=== Stored data ===
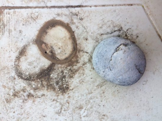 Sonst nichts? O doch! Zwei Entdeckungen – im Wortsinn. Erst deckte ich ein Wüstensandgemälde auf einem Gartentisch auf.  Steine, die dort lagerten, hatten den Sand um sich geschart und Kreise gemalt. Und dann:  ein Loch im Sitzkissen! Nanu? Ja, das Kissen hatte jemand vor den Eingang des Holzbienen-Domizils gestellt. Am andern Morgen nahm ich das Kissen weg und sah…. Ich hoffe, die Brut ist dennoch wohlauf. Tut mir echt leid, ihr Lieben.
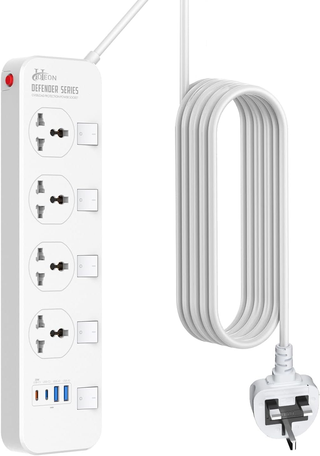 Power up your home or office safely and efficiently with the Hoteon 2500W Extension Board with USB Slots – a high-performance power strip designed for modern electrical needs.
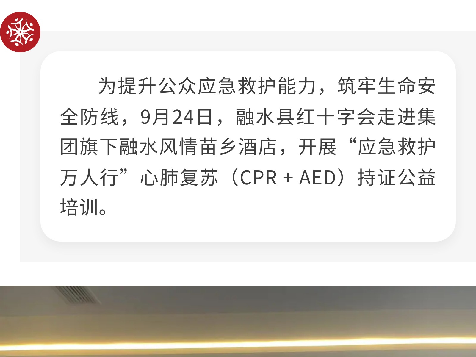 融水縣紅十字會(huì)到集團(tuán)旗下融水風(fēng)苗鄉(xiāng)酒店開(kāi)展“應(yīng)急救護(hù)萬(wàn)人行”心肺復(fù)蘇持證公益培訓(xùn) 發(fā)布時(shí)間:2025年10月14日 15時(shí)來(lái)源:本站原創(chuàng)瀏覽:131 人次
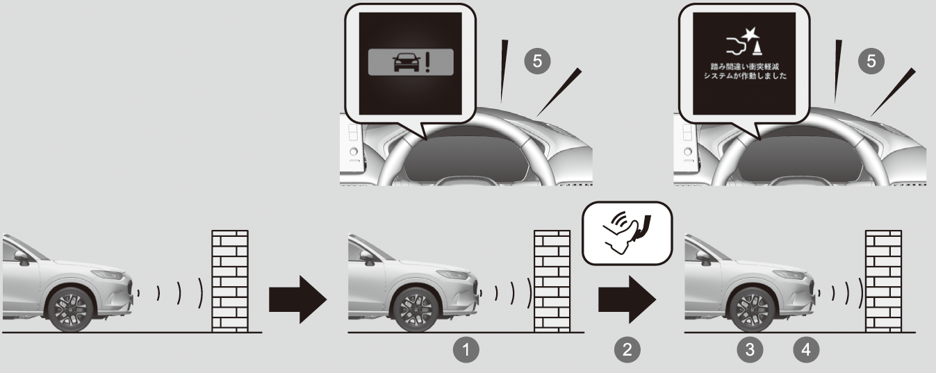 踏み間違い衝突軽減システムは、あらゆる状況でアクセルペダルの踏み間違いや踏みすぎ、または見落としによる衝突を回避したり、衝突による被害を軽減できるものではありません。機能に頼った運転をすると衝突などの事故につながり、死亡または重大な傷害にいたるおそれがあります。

=== Try it ===
With the pictures left out, transcribe the material exactly.

=== Solution to the exercise ===
 Sonst nichts? O doch! Zwei Entdeckungen – im Wortsinn. Erst deckte ich ein Wüstensandgemälde auf einem Gartentisch auf.  Steine, die dort lagerten, hatten den Sand um sich geschart und Kreise gemalt. Und dann:  ein Loch im Sitzkissen! Nanu? Ja, das Kissen hatte jemand vor den Eingang des Holzbienen-Domizils gestellt. Am andern Morgen nahm ich das Kissen weg und sah…. Ich hoffe, die Brut ist dennoch wohlauf. Tut mir echt leid, ihr Lieben.
 Power up your home or office safely and efficiently with the Hoteon 2500W Extension Board with USB Slots – a high-performance power strip designed for modern electrical needs.
 融水縣紅十字會(huì)到集團(tuán)旗下融水風(fēng)苗鄉(xiāng)酒店開(kāi)展“應(yīng)急救護(hù)萬(wàn)人行”心肺復(fù)蘇持證公益培訓(xùn) 發(fā)布時(shí)間:2025年10月14日 15時(shí)來(lái)源:本站原創(chuàng)瀏覽:131 人次
 踏み間違い衝突軽減システムは、あらゆる状況でアクセルペダルの踏み間違いや踏みすぎ、または見落としによる衝突を回避したり、衝突による被害を軽減できるものではありません。機能に頼った運転をすると衝突などの事故につながり、死亡または重大な傷害にいたるおそれがあります。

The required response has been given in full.